**DATA SEGMENT**.
---*---

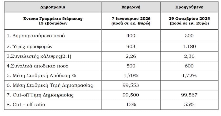 Η δημοπρασία πραγματοποιήθηκε μέσω των Βασικών Διαπραγματευτών Αγοράς (Primary Dealers) και η ημερομηνία διακανονισμού είναι η Παρασκευή 9 Ιανουαρίου 2026.
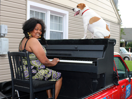 What has happened in Charleston, South Carolina hits me to the core, the mass murder (with a gun of course) of nine people over pure racial hate. I've been intimately involved with two mass shootings and two unjustified high profile racial murders through the Traveling Piano's journey. Part of me wants to take the Traveling Piano to Charleston as I have done with other tragedies to show appreciation for the forgiveness family members and community have been putting out to the media and also to show support for love over hate but, I'm not going to do it as there is too much anger in my heart and it would interfere with empathy and compassion, my love. I do not want for my Fun, Friendship and Respect to be motivated by anger. There are also other reasons. I am still dealing with "stuff" here in Philadelphia. Karen, one of the health aids for Pat and Marie, two of the ladies we are staying with... she jumped onto the Traveling Piano seat in the driveway for a few moments.
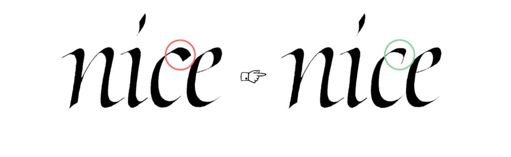 The short version: two thick strokes shouldn’t cross. When they do, they create a heavy, dark spot that pulls the eye and breaks the rhythm of the letter. You should be just as careful when the strokes only meet, like at the top of the a in the example.
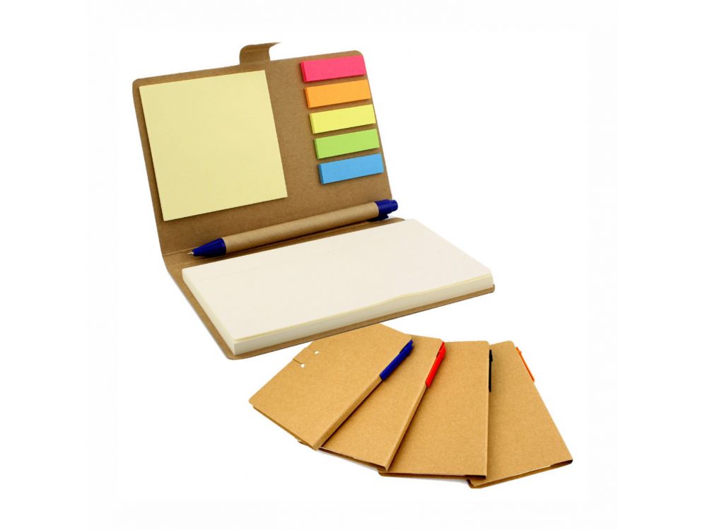 Bloco de anotações ecológico, material em kraft.Tam: 10,3x15,3cm. Possui uma trava na própria capa, cinco blocos auto-colantes coloridos com aproximadamente 25 folhinhas, bloco de post-it amarelo com aproximadamente 25 folhas e bloco grande com aproximadamente 70 folhas. NÃO ACOMPANHA CANETA.

---*---

**WHAT THE EXERCISE ASKS**.
Transcribe everything above exactly. Do not include the pictures.

**EXERCISE SOLUTION**.
 Η δημοπρασία πραγματοποιήθηκε μέσω των Βασικών Διαπραγματευτών Αγοράς (Primary Dealers) και η ημερομηνία διακανονισμού είναι η Παρασκευή 9 Ιανουαρίου 2026.
 What has happened in Charleston, South Carolina hits me to the core, the mass murder (with a gun of course) of nine people over pure racial hate. I've been intimately involved with two mass shootings and two unjustified high profile racial murders through the Traveling Piano's journey. Part of me wants to take the Traveling Piano to Charleston as I have done with other tragedies to show appreciation for the forgiveness family members and community have been putting out to the media and also to show support for love over hate but, I'm not going to do it as there is too much anger in my heart and it would interfere with empathy and compassion, my love. I do not want for my Fun, Friendship and Respect to be motivated by anger. There are also other reasons. I am still dealing with "stuff" here in Philadelphia. Karen, one of the health aids for Pat and Marie, two of the ladies we are staying with... she jumped onto the Traveling Piano seat in the driveway for a few moments.
 The short version: two thick strokes shouldn’t cross. When they do, they create a heavy, dark spot that pulls the eye and breaks the rhythm of the letter. You should be just as careful when the strokes only meet, like at the top of the a in the example.
 Bloco de anotações ecológico, material em kraft.Tam: 10,3x15,3cm. Possui uma trava na própria capa, cinco blocos auto-colantes coloridos com aproximadamente 25 folhinhas, bloco de post-it amarelo com aproximadamente 25 folhas e bloco grande com aproximadamente 70 folhas. NÃO ACOMPANHA CANETA.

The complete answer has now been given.